As with all retrospective studies, our analyses had a number of limitations, including post hoc selection of study variables, a lack of predetermined sample size, expectation bias, and missing data. The pain intensity was not rated by the visual analog scale or numeric rating score which might have revealed subtle but clinically significant difference in pain intensity. Our reviewed medical data did not record pain intensity during specific rehabilitative motion, which was especially relevant after TKA, even though the cumulative opioid consumption might reflect the intensity of pain during rehabilitation. Because the hospital discharge criteria were not standardized, the impact of different analgesic techniques on postoperative hospital stay could not be determined in current analysis. Additionally, as the use of NSAIDs was not standardized either, the extent of opioid-sparing effects was difficult to interpret. The reviewed medical records did not contain detailed information regarding the progress of rehabilitation; therefore the impact of analgesic techniques on rehabilitation could only be addressed by measuring the time interval from the end of operation to the first time walking assisted with a walker postoperatively.

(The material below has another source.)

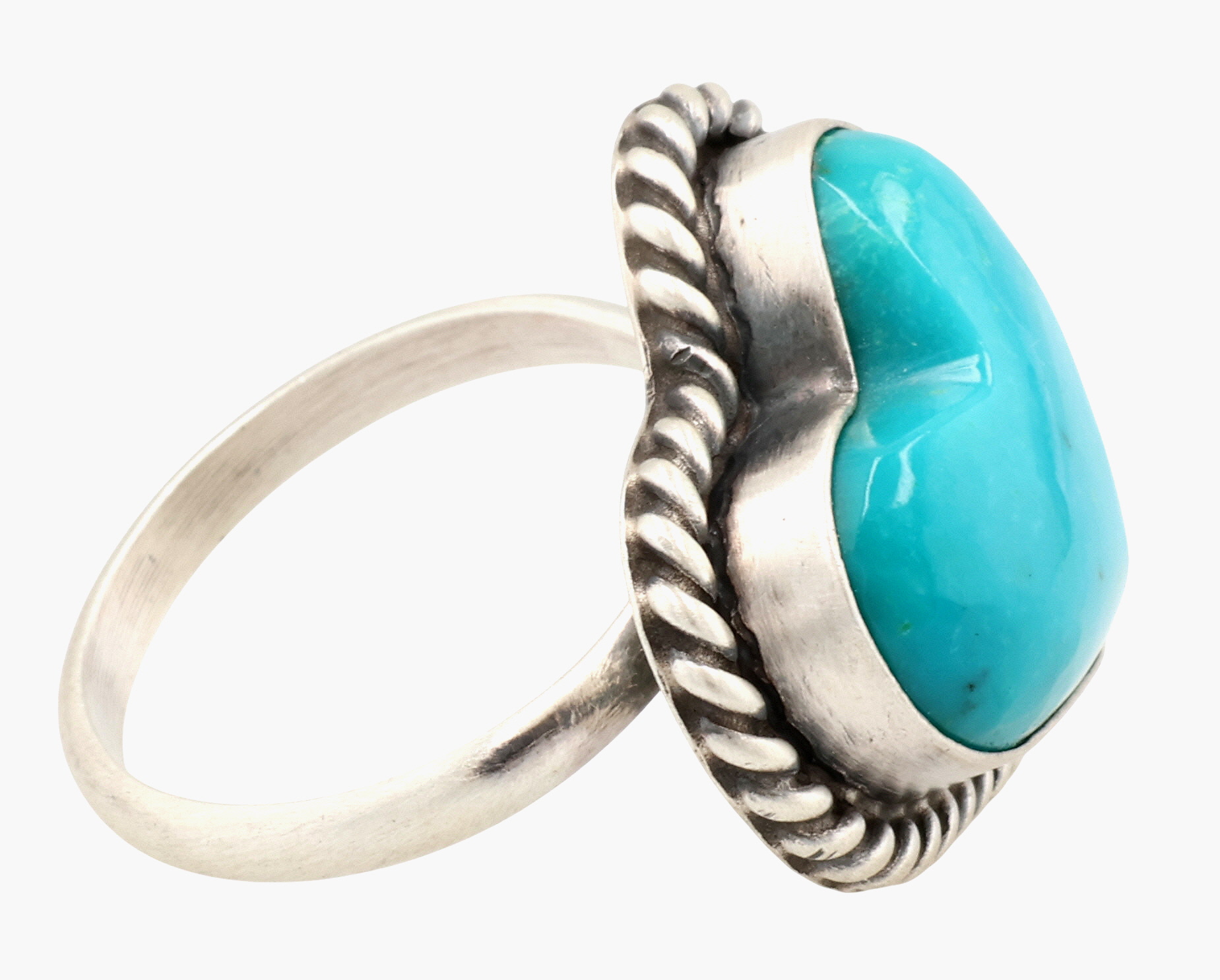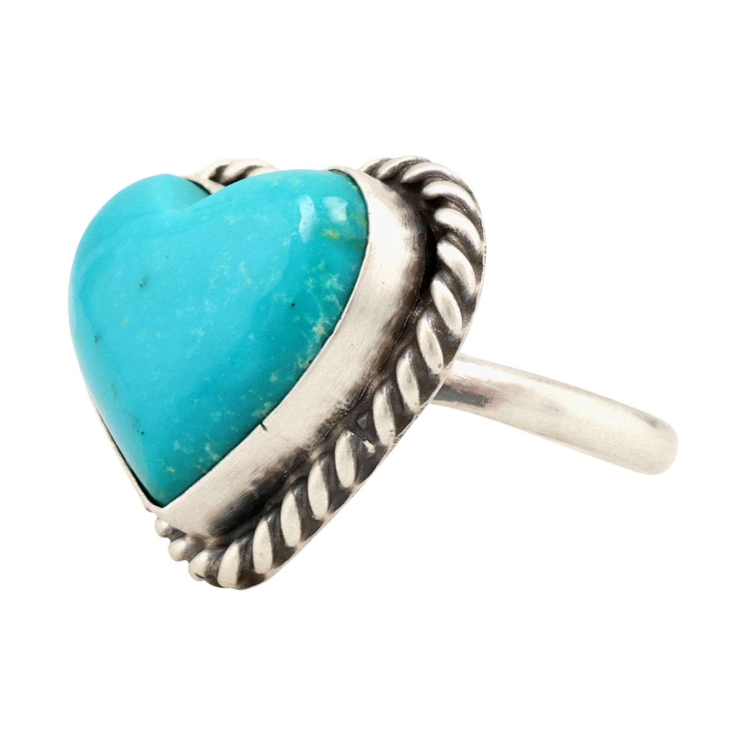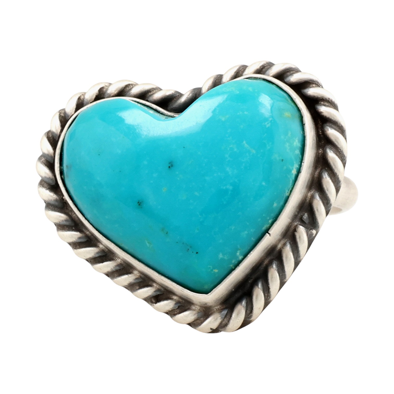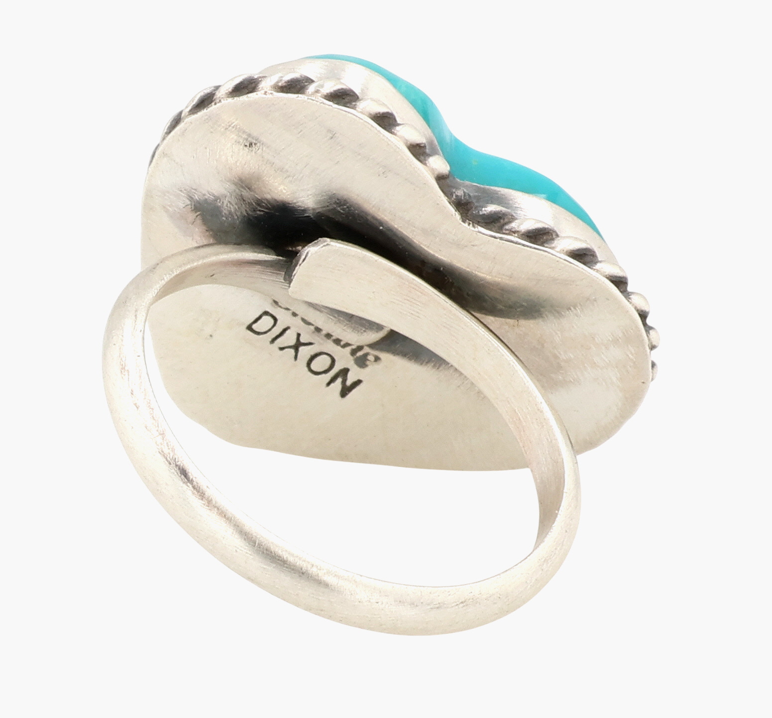 Johnny Dixon Navajo Sterling Kingman Turquoise Heart Adjustable Ring 8g, Sz 7.5

However, as ambulation was one of the most important components evaluated during rehabilitation after TKA, the time a patient was capable of walking assisted with a walker for the first time could be a valuable indicator of short-term outcome. There could be some time lag between the actual occurrence and the documentation of the time when a patient could walk with a walker for the first time after operation; nonetheless, this time lag was assumed to be comparable between groups. Finally, there was no consistent recording of functional recovery in the reviewed medical records; therefore, the impact of analgesic techniques on long-term functional outcomes could not be assessed.

5. Conclusion

Our retrospective analysis revealed that intra-articular injection of high dose local anesthetics provided similar analgesic efficacy as FNB and might be associated with early ambulation. Further studies are mandatory to confirm our findings in a prospective randomized controlled manner incorporating a rehabilitation protocol that is installed immediately or shortly after the operation to evaluate the impact of IALA on early ambulation after TKA. The pharmacokinetics of local anesthetics should also be determined before this practice can be widely recommended.